A strong turnout for populist parties in Italy's general election brings political risk back to the forefront in Europe, warn money managers.

Italians went to the polls Sunday, with results showing a stronger than expected support for the Five Star Movement, M5S. The country's center-right coalition did not gain enough votes to form a government, resulting in a hung parliament.

The democratic party also suffered a "poor result," said Claudio Ferrarese, portfolio manager at Fidelity International, in a comment, although this was in line with expectation. He added that anti-establishment party M5S was expected to gain around 28% of the vote, but took more than 30% in a "stronger than expected" result.

The Stoxx Europe 600 index was up 1.22% on Monday, while the Italian government bonds index fell 0.14% in dollar terms.

"After 2017 ultimately proved benign for eurozone political risk, the unexpected strong performance of the Five Star Movement brings these threats very much back to the forefront," said Timothy Graf, head of macro strategy for Europe, Middle East and Africa at State Street Global Markets, in a separate comment. "Though M5S officials have toned down anti-euro rhetoric in recent months, the euroskepticism within the bloc could ultimately reintroduce the existential threat to eurozone stability long thought diminished. Forming a government has many challenges, but this result could dent the strong consensus support the euro currently enjoys," he warned.

While the result of the election looks "messy," the chances of Italy leaving the eurozone have not materially increased, said Adrian Hilton, head of global rates and currency at Columbia Threadneedle Investments, in a comment.

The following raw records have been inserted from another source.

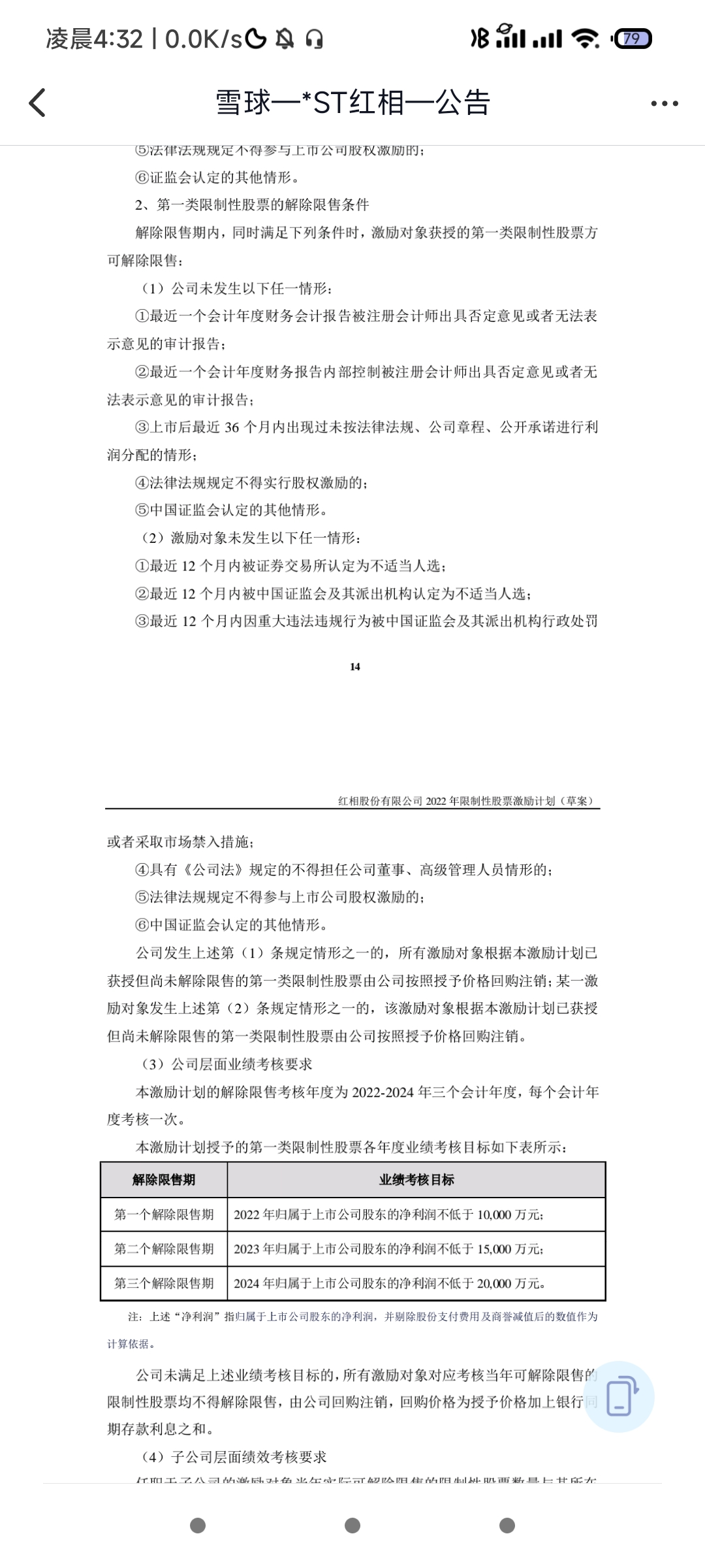 说点认真的,公司被立案以后有以下两种心态都是不妥当的,提前买了的自怨自艾,没买的患得患失。从财务数据看,首先红相19年以前报表不涉及差错,也就是旧规的退市规则对红相不适用。重点看20,21,22年的,这三年收入分别是15.1,13.9,16.36(差错调整后为13.5, 13.7, 16.36),min连续两年收入合计值的50%为14.5;20,21,22年的,这三年净利润分别是2.3,-6.3,...就怕审计机构一直合着上市公司造假,今年查得严,就翻脸了,过去的账目全是假的。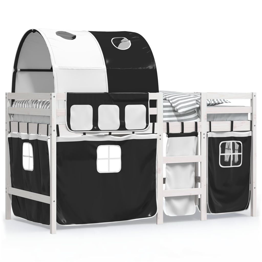 vidaXL Dětská patrová postel s tunelem bílá a černá 80x200 cm borovice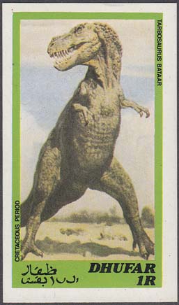 1980 г. Разм. 43 х 73 мм. Многоцветная печать на белой глянцевой бумаге. В ценре в прямоугольной рамке Тиранозавр. Внизу название страны на английском и арабском языках и номинал.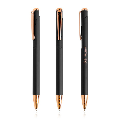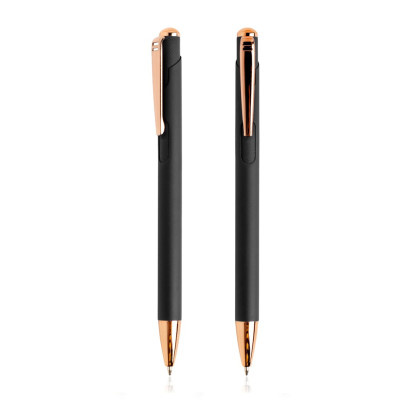 Metal ballpoint pen with rose gold details. A feminine ballpoint pen, with modern and attractive colors. Rose gold details make it stand out and elegant. In laser engraving, your design will match the details. With pulse system. This ballpoint pen is blue writing.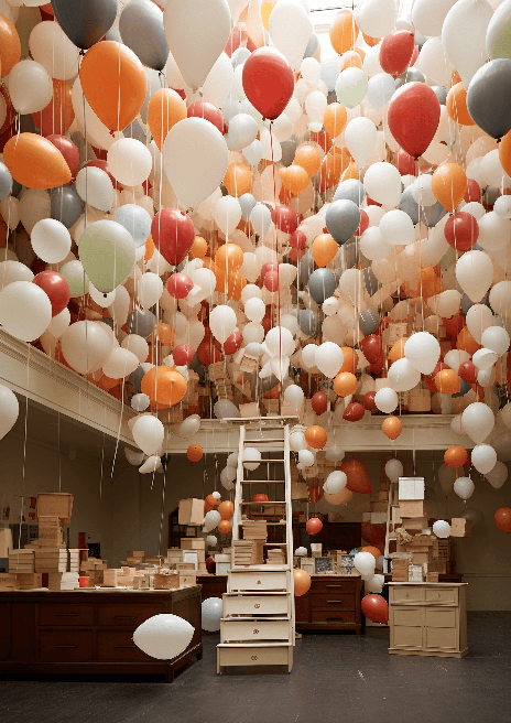Imagine a high-quality 16K indoor scene by Martin Creed, featuring an array of ordinary objects defying gravity. This 3D art installation should be photographed using a low-angle shot to enhance the illusion of floating. --ar 5:7 --s 250 --style raw --v 6.0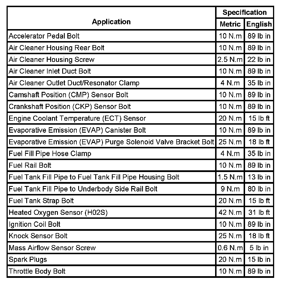 Fastener Tightening Specifications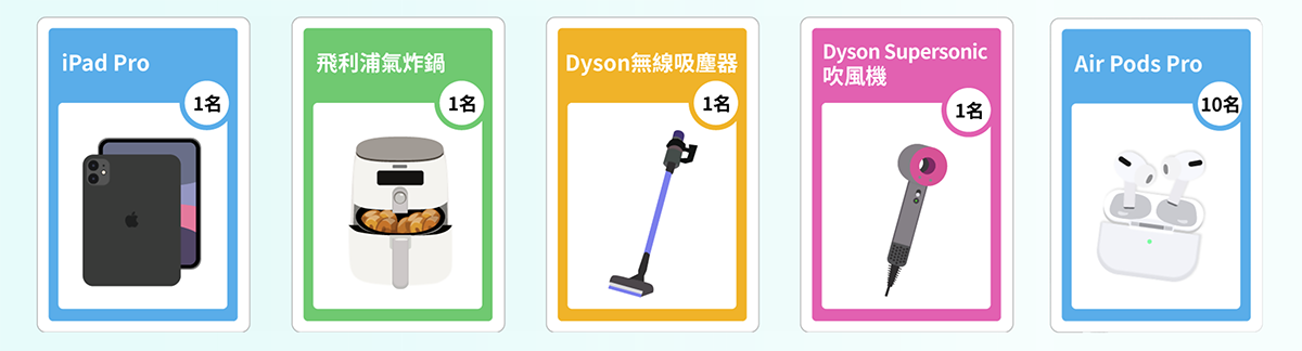 講了那麼久的七徽章,到底可以用來抽什麼,每獲得一枚七徽章就可以有一次抽獎機會,其中最大獎就是 iPad Pro,其它還有阿湯自己最愛用的飛利浦氣炸鍋,Dyson 無線吸塵器以及很多美髮業者都在用的 Dyson Supersonic 吹風機,最後則是有 10 組 Air Pods Pro,不論是哪一個我覺得都很令人心動,準備要來狂存外匯了。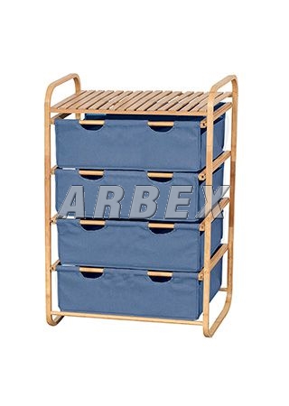 Regál v provedení bambus se 4-šuplíky v modré barvě.

He said the future Italian Parliament will likely feature one anti-establishment party, but warned a coalition comprising both parties in this category — Lega and M5S — "would probably worsen relations with the European Commission, especially around fiscal targets," added Mr. Hilton.

In a separate comment, Azad Zangana, senior European economist at Schroders, said the result is "very important for international investors, especially given the size of the Italian economy."

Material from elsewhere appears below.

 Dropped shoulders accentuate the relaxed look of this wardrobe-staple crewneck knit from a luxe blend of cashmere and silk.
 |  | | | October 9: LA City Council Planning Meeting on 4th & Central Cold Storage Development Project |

He said despite a good turnout for euroskeptic parties, "exit from the euro and EU are low risk … because Italy's constitution does not allow for such a vote, and a change in the constitution would require a two-thirds majority, which left and right wing euroskeptic parties do not command."

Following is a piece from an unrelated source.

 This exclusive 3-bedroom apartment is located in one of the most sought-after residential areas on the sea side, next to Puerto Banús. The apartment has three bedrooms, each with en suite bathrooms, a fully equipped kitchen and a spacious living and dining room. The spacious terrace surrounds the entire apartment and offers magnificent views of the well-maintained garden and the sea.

The bigger risk, he warned, is "fiscal slippage, and possibly the rolling back of important reforms from recent years. This would put Italy on a collision course with the European Commission, and may even awaken the dormant bond vigilantes."

International investors may react to a government led by "extremist parties" by dumping Italian government bonds, "causing yields to rise sharply on its huge mountain of government debt worth around €2.2 trillion ($2.7 trillion) or 133% of GDP at the end of 2017." The European Central Bank's asset purchase program, however, is likely to keep markets calm, said Mr. Zangana, although he also noted that the expected end of quantitative easing later this year would make Italy more vulnerable.